We also know that x₁, x₂, and x₃ are points on the curve therefore:

(x — x₁)(x — x₂)(x — x₃) = 0

= x³ — (x₁ + x₂ + x₃)x² + (x₁x₂ + x₁x₃ + x₂x₃)x — x₁x₂x₃ = 0

The x² coefficient can be replaced with -s2 due to Vieta’s formula. Combining the above two equations (both equal zero), we cancel the x³ and x² terms and simplify.

Solving for x₃ we get: x³ = s² — x₁ — x₂, which plugs back into the line equation to get y₃ = -(s(x₃ — x₁) + y₁) = s(x₁ — x₃) — y₁.

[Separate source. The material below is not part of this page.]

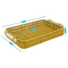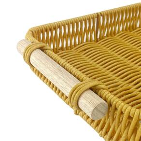 Bandeja Trama Tipo Vime Artificial Retangular Alça Madeira

Case 2: Double point + non-zero point, P + P + Q

Here P₁ + P₂ = 0 and y₁ ≠ y₂ ≠ 0. We have to use the derivative of the curve to get its instantaneous slope at point 1: y² = x³ + ax + b — > dy/dx = (3x² + a) / 2y₁

x₃ = s²–2x₁, y₃ = s(x₁ — x₃) — y₁, where s = (3x₁² + a) / 2y₁

Case 3: Opposite but distinct points, has vertical tangent, P + -P + Q

Here P₁ + P₂ = 0 and y₁ ≠ y₂ ≠ 0. Therefore (x₃, y₃) = (∞, ∞) which is the point at infinity, 0.

Case 4: Double point at y=0, has a vertical tangent, P + P + 0

Here P₁ = P₂ and y₁ = y₂ = 0. The third point is 0 and it’s negative is also 0.Therefore (x₃, y₃) = (∞, ∞) which is again the point at infinity, 0

This concludes the description of the elliptic curve group over the field of real numbers. In the next part we will show how to combine these curves with finite fields to generate the one-way function and see how it is used in Bitcoin for digitally signing transactions.